◆ Prompt:
Please restate every line below exactly, without any pictures.
** Information supplied follows **
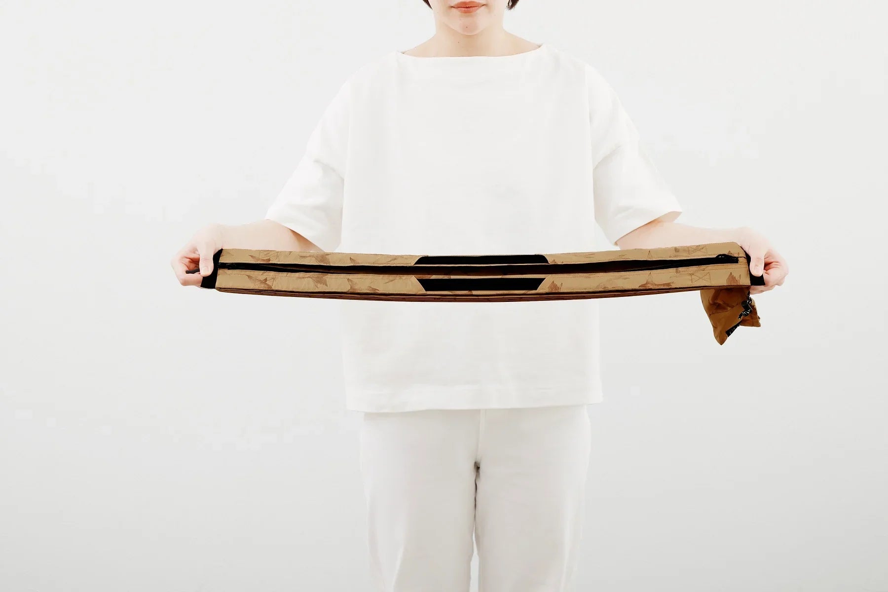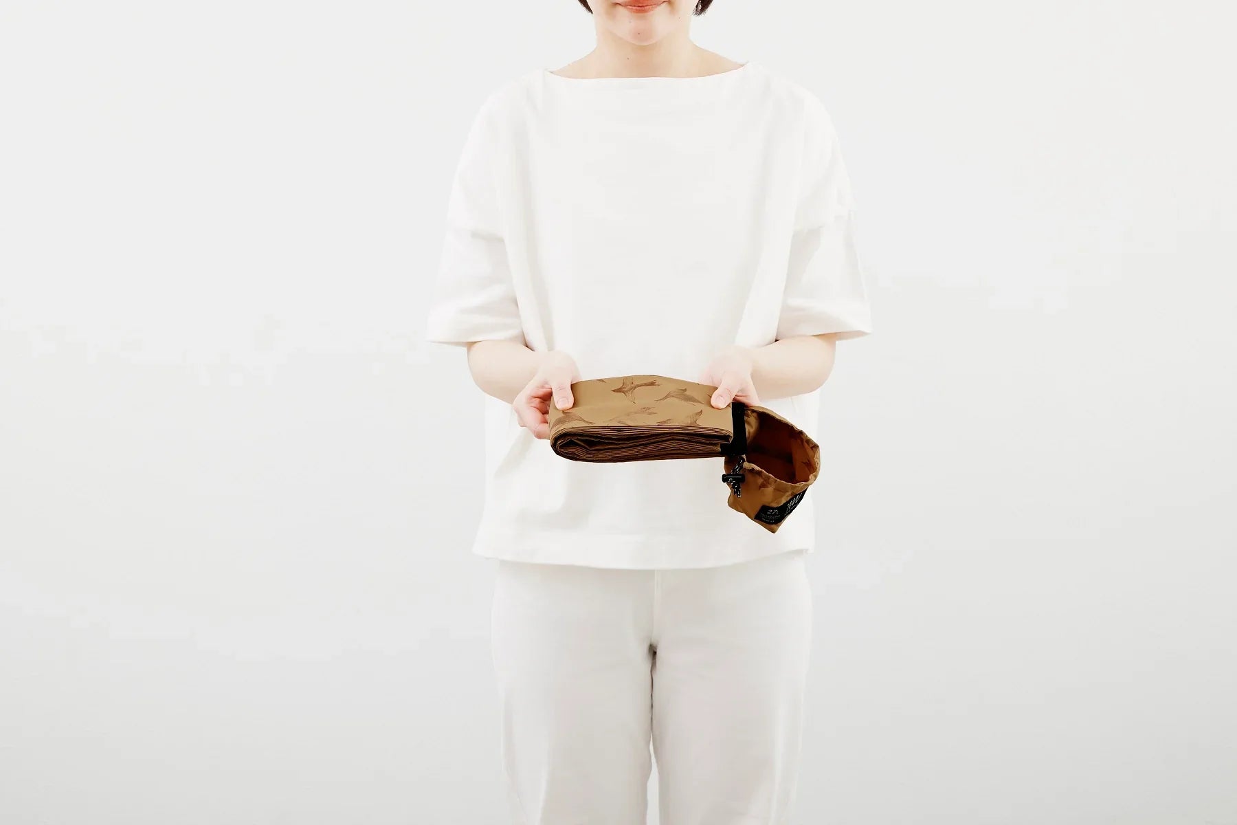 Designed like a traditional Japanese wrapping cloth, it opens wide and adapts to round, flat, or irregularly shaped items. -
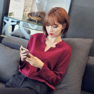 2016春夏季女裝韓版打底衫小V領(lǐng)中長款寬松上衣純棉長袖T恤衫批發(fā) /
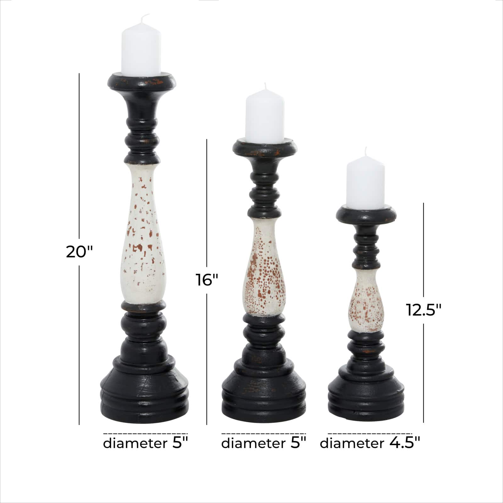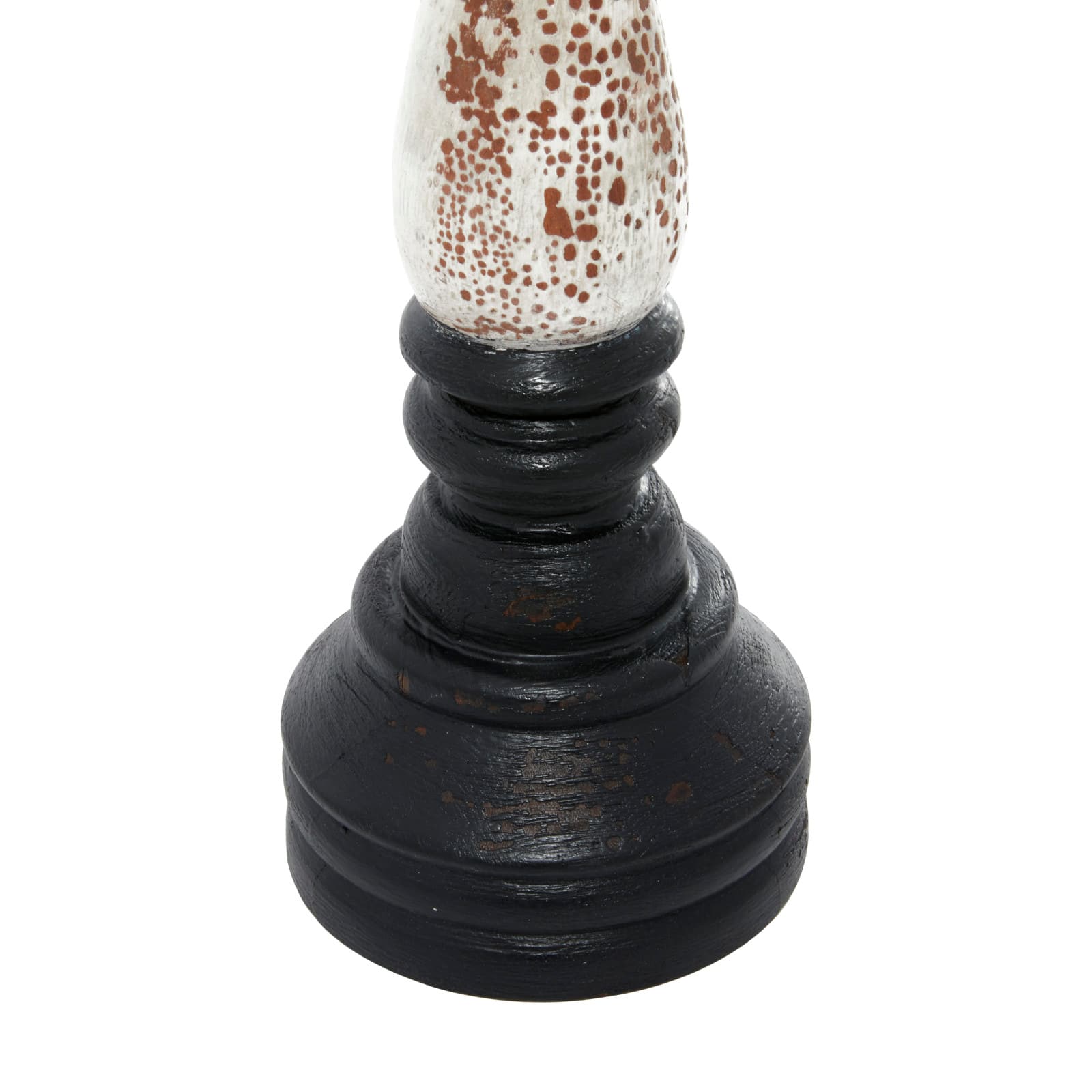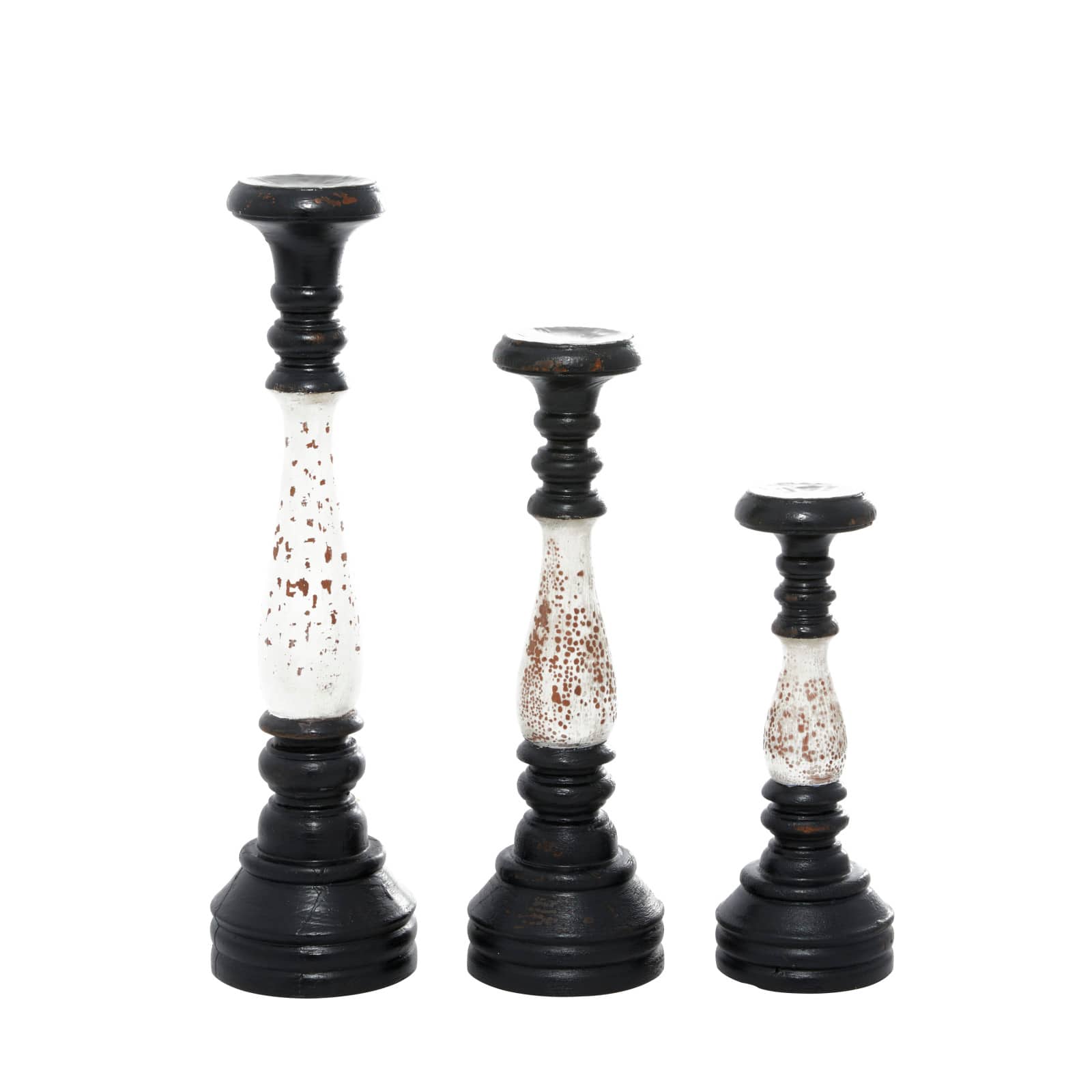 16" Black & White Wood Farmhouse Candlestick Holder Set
** End of Information supplied **
◆ Result of this task:
 Designed like a traditional Japanese wrapping cloth, it opens wide and adapts to round, flat, or irregularly shaped items. -
 2016春夏季女裝韓版打底衫小V領(lǐng)中長款寬松上衣純棉長袖T恤衫批發(fā) /
 16" Black & White Wood Farmhouse Candlestick Holder Set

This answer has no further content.